─── Dataset entries ───
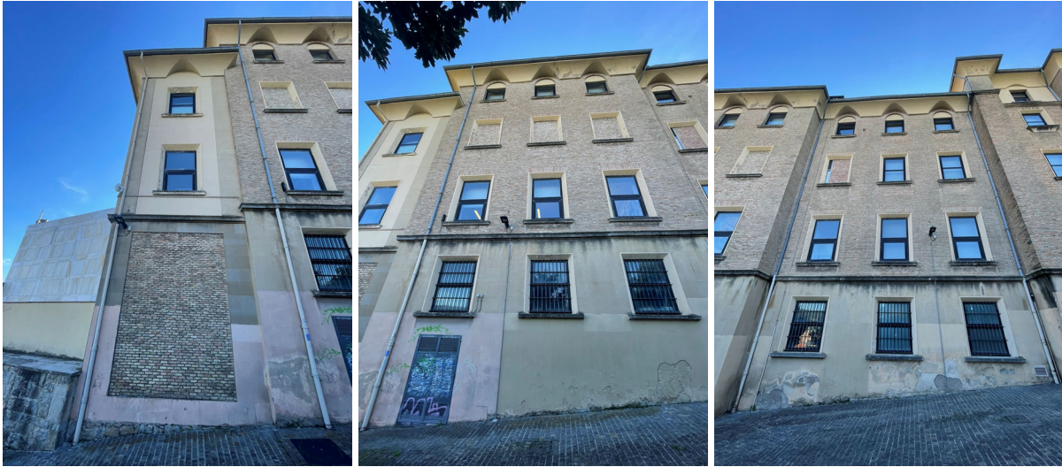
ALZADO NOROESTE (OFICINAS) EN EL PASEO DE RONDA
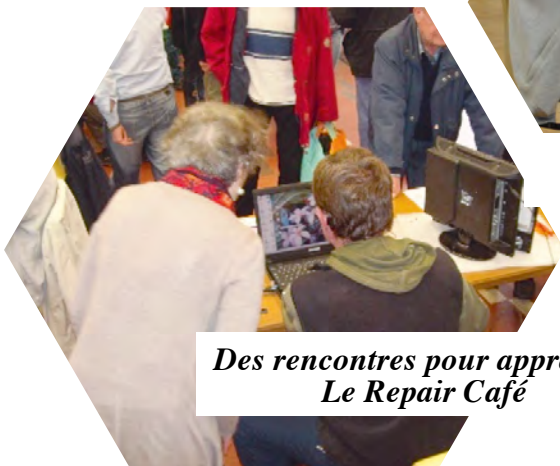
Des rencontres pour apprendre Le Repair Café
───
─── Dataset entries ───
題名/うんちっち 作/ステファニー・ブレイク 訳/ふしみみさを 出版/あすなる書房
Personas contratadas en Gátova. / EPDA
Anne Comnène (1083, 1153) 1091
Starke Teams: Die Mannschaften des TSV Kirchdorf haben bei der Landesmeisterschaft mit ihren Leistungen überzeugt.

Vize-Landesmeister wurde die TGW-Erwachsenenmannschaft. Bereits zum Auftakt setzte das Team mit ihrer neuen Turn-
───
─── Dataset entries ───
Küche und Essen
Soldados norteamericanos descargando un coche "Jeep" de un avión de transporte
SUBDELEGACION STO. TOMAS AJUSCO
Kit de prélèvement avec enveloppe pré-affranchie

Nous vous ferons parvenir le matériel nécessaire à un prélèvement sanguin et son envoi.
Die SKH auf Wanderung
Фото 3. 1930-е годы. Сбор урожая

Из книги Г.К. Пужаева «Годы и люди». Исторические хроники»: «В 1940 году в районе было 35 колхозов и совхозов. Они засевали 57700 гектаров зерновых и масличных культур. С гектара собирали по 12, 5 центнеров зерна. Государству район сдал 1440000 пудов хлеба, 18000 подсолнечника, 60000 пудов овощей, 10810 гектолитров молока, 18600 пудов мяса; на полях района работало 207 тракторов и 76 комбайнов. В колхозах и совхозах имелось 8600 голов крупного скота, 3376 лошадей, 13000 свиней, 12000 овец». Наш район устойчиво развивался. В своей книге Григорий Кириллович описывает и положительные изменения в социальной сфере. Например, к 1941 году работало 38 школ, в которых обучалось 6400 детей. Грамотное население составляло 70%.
───
The expected answer is an exact copy of the lines above, beginning at the line with "Küche und Essen" and ending at the line with "Из книги Г.К.", with both ends in.

_Task response_
Küche und Essen
Soldados norteamericanos descargando un coche "Jeep" de un avión de transporte
SUBDELEGACION STO. TOMAS AJUSCO
Kit de prélèvement avec enveloppe pré-affranchie

Nous vous ferons parvenir le matériel nécessaire à un prélèvement sanguin et son envoi.
Die SKH auf Wanderung
Фото 3. 1930-е годы. Сбор урожая

Из книги Г.К. Пужаева «Годы и люди». Исторические хроники»: «В 1940 году в районе было 35 колхозов и совхозов. Они засевали 57700 гектаров зерновых и масличных культур. С гектара собирали по 12, 5 центнеров зерна. Государству район сдал 1440000 пудов хлеба, 18000 подсолнечника, 60000 пудов овощей, 10810 гектолитров молока, 18600 пудов мяса; на полях района работало 207 тракторов и 76 комбайнов. В колхозах и совхозах имелось 8600 голов крупного скота, 3376 лошадей, 13000 свиней, 12000 овец». Наш район устойчиво развивался. В своей книге Григорий Кириллович описывает и положительные изменения в социальной сфере. Например, к 1941 году работало 38 школ, в которых обучалось 6400 детей. Грамотное население составляло 70%.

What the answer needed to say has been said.